Here is the key part again:
What this essentially means, is he wants a negative definition for music. I.e. "Everything on this list is not-music, so everything left off of the list is music". Instead of a literal list of "not-music", a formula could be used to check if something would be on the list. It doesn't even have to return yes or no, it could return "percentage not-music", and anything over 10% might make cats scratch their eyes and ears out. Maybe 50% would be Cage music (jokes! :D)
It just so happens that this is exactly how we define prime numbers. There is no definitive list of prime numbers; only a list of "numbers with more than one non-one factors" (from which we can find the prime numbers out). That's why you will read about prime number searching - we actually have to seek them out. Prime number searching is the analogue of an algorithm to make all the music....!....except it's not. There are no prime number formulas that can generate all the prime numbers (I think it was proven, that with our current methods to be impossible to make such a formula).
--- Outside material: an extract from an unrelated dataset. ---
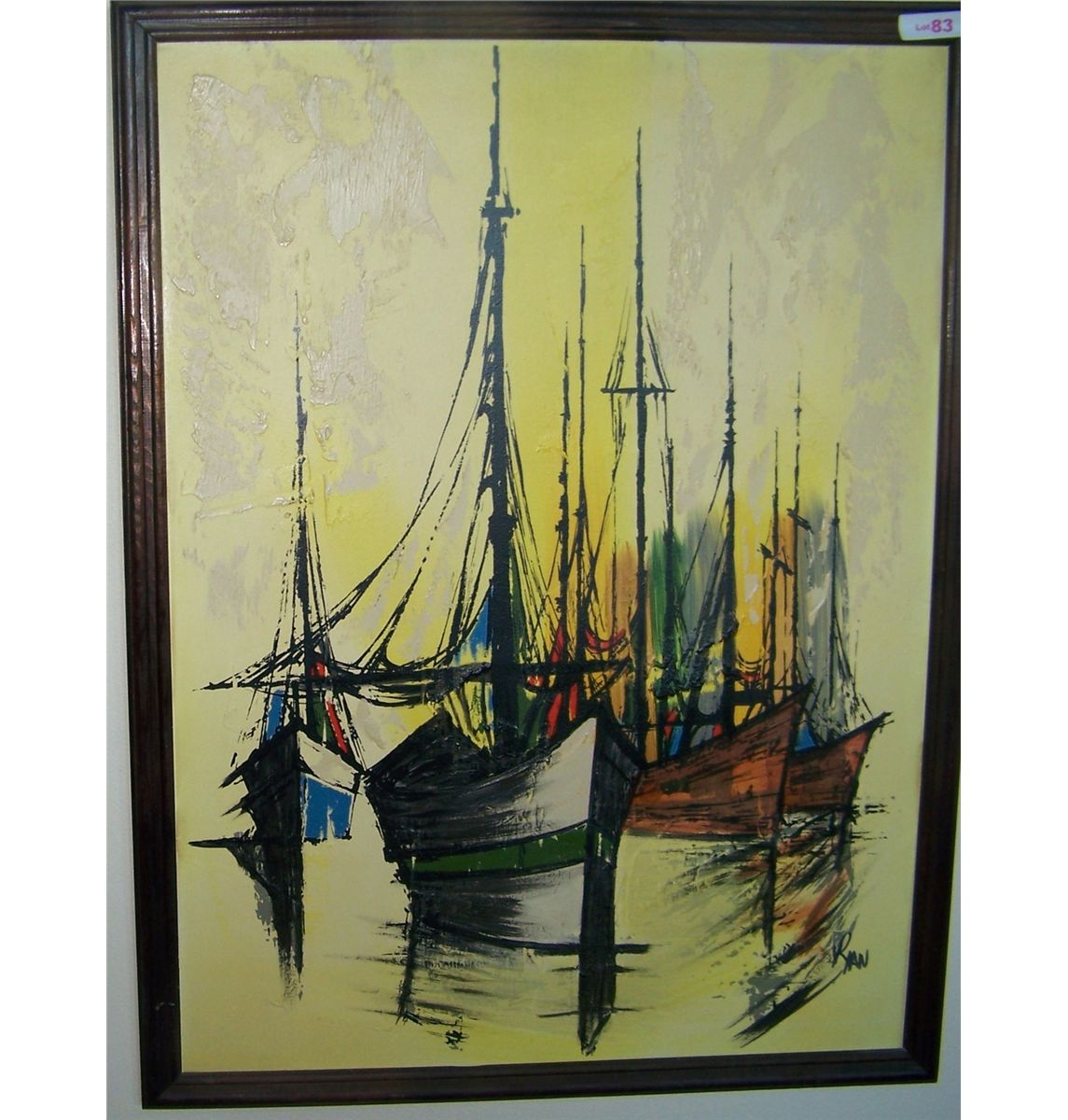 RYAN ORIGINAL MID-CENTURY MODERN STYLE PAINTING ON BOARD. NICELY FRAMED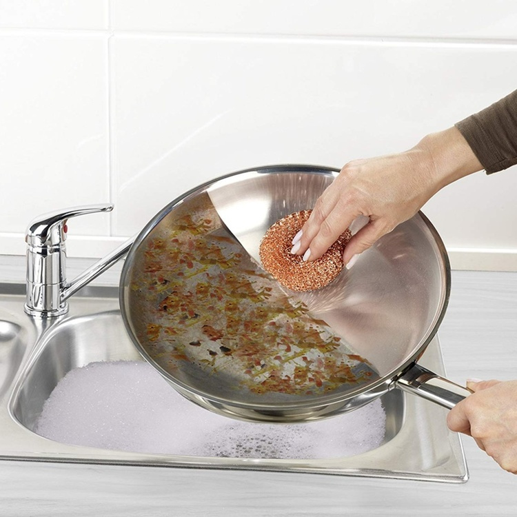 Tre stycken kopparsvampar för en mjuk, repfri borttagning av smuts.

There are things like Mersenne primes, which have been generated by a formula, but even then, not every Mersenne number is a prime (there's actually very few generated this way, 47 so far to be exact out of tens of thousands of candidates).
The point of this excursion into prime numbers is to demonstrate that there are "spaces" (i.e. sets of all prime numbers, sets of all music) that are unable to be mapped positively (this would mean we have a formula that generates all the music, or all the prime numbers), and only can be mapped negatively (which means we have to sift through the list of "everything" to find something that is part of the "space" - we don't get an automatic list).
So, to answer your question, you can't generate a definitive positive formula for music, and we already have negative formulas - of which the rules of counterpoint in the Gradus, Serialism, are examples of. Just like how there are primes that are not Mersenne numbers, your negative formulas can usually only catch a certain amount of everything fitting your definition - you will need the combination of many negative formulas to flesh out the positive space (i.e. you will need many composition techniques and rules to make all the music).